### TASK DETAILS
Could you give back every entry below exactly, with the pictures dropped?

.....

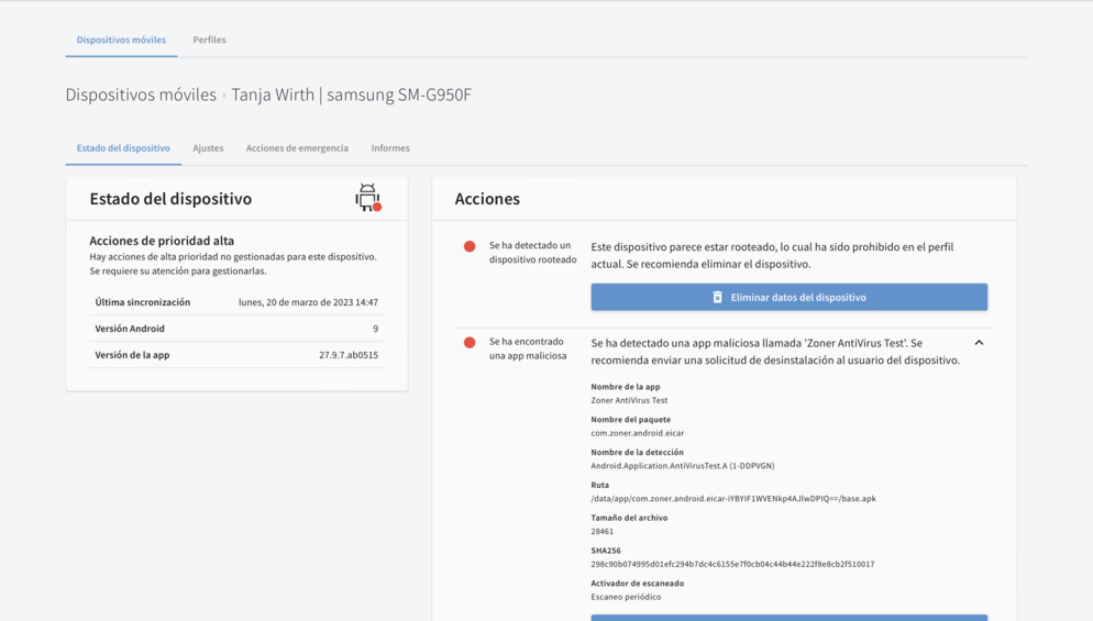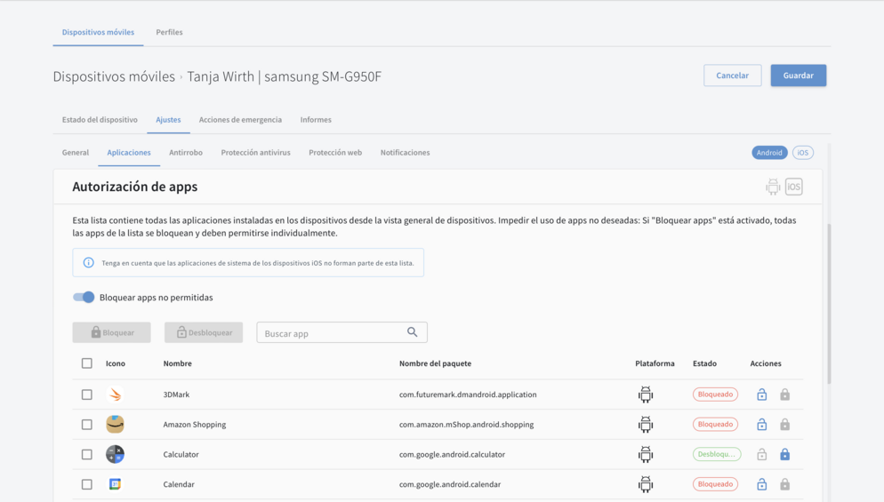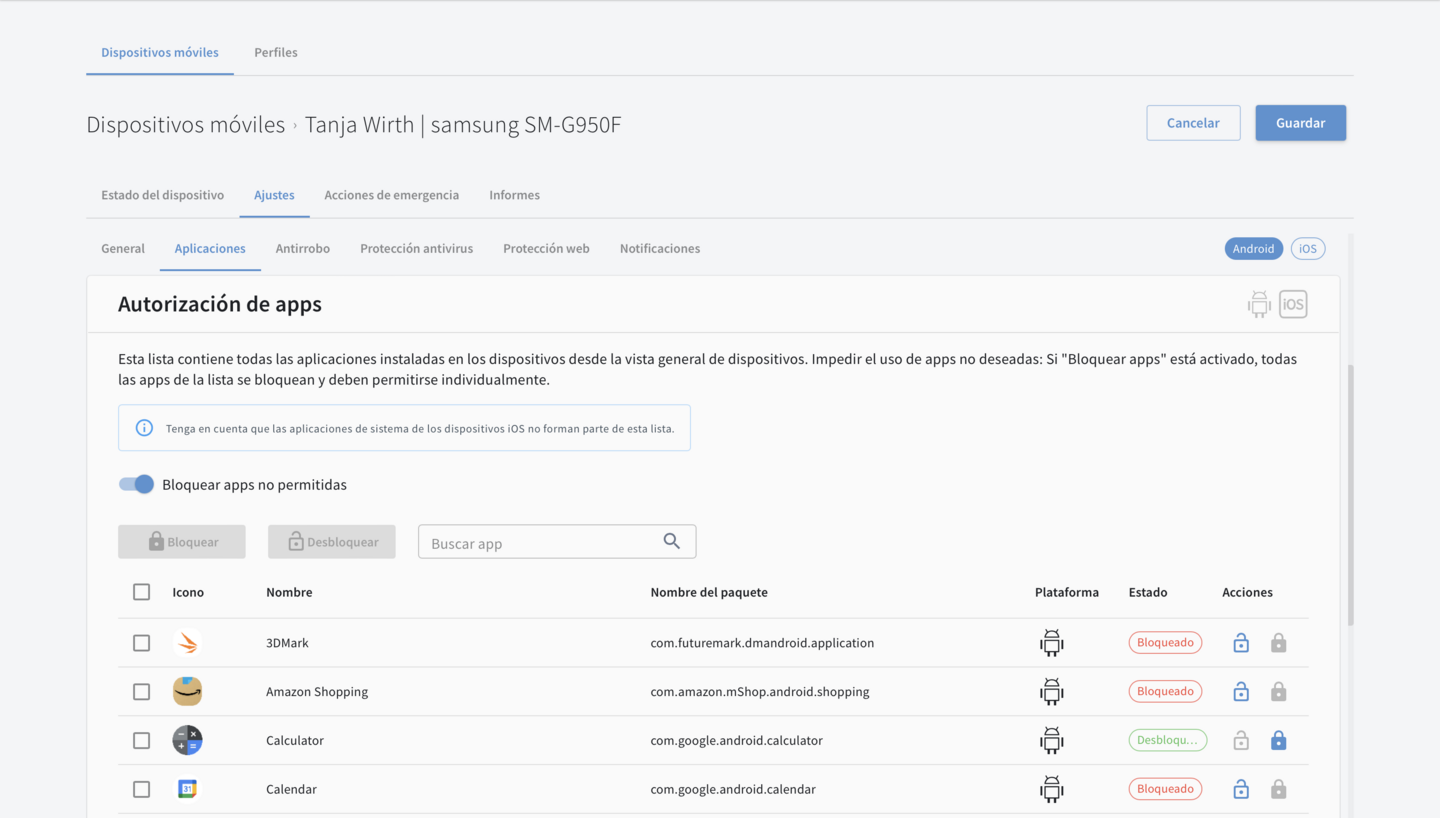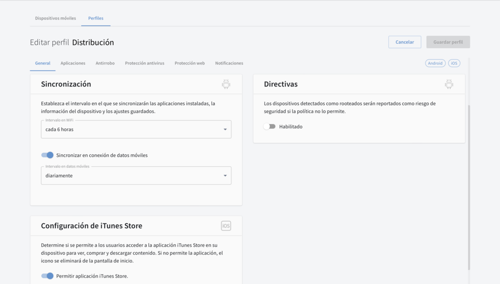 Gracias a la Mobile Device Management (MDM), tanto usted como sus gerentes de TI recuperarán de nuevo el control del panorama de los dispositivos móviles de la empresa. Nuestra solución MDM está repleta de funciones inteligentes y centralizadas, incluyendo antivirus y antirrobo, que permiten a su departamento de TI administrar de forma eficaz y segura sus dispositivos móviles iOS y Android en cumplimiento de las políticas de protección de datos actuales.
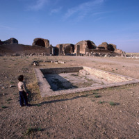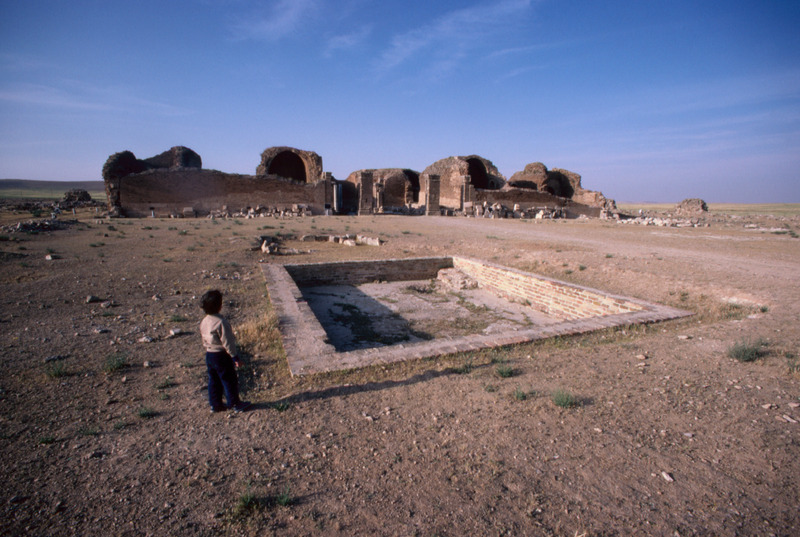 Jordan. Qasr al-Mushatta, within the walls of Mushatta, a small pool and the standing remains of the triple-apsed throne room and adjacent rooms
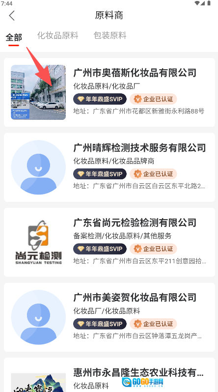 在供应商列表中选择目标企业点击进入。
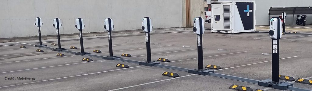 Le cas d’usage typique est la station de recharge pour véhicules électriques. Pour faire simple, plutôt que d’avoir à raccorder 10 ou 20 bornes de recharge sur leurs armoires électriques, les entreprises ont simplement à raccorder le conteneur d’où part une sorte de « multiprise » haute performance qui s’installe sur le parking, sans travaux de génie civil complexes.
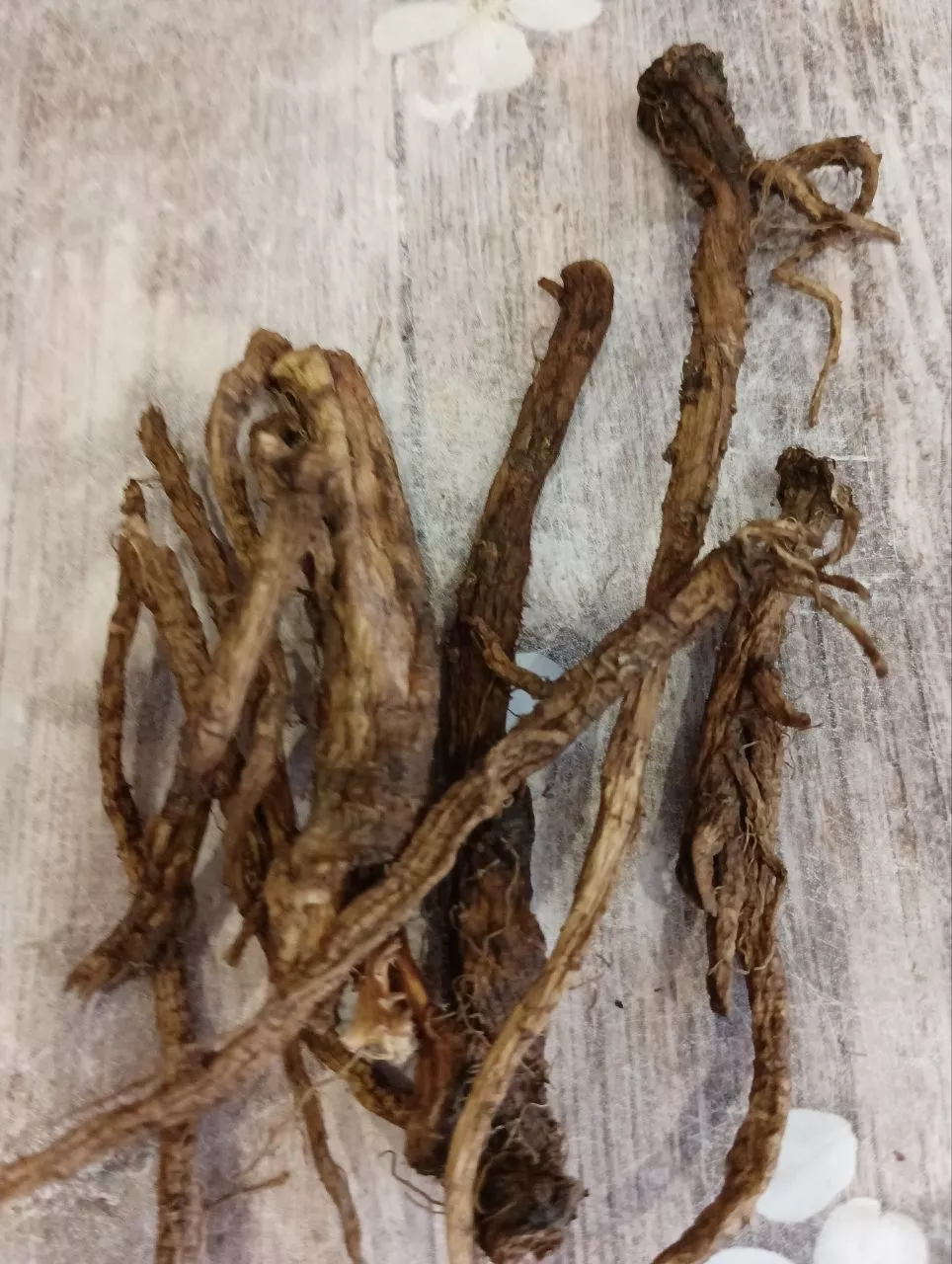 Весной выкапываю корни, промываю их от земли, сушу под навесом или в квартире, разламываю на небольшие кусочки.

.....

### ANSWER TO THE EXERCISE
 Gracias a la Mobile Device Management (MDM), tanto usted como sus gerentes de TI recuperarán de nuevo el control del panorama de los dispositivos móviles de la empresa. Nuestra solución MDM está repleta de funciones inteligentes y centralizadas, incluyendo antivirus y antirrobo, que permiten a su departamento de TI administrar de forma eficaz y segura sus dispositivos móviles iOS y Android en cumplimiento de las políticas de protección de datos actuales.
 Jordan. Qasr al-Mushatta, within the walls of Mushatta, a small pool and the standing remains of the triple-apsed throne room and adjacent rooms
 在供应商列表中选择目标企业点击进入。
 Le cas d’usage typique est la station de recharge pour véhicules électriques. Pour faire simple, plutôt que d’avoir à raccorder 10 ou 20 bornes de recharge sur leurs armoires électriques, les entreprises ont simplement à raccorder le conteneur d’où part une sorte de « multiprise » haute performance qui s’installe sur le parking, sans travaux de génie civil complexes.
 Весной выкапываю корни, промываю их от земли, сушу под навесом или в квартире, разламываю на небольшие кусочки.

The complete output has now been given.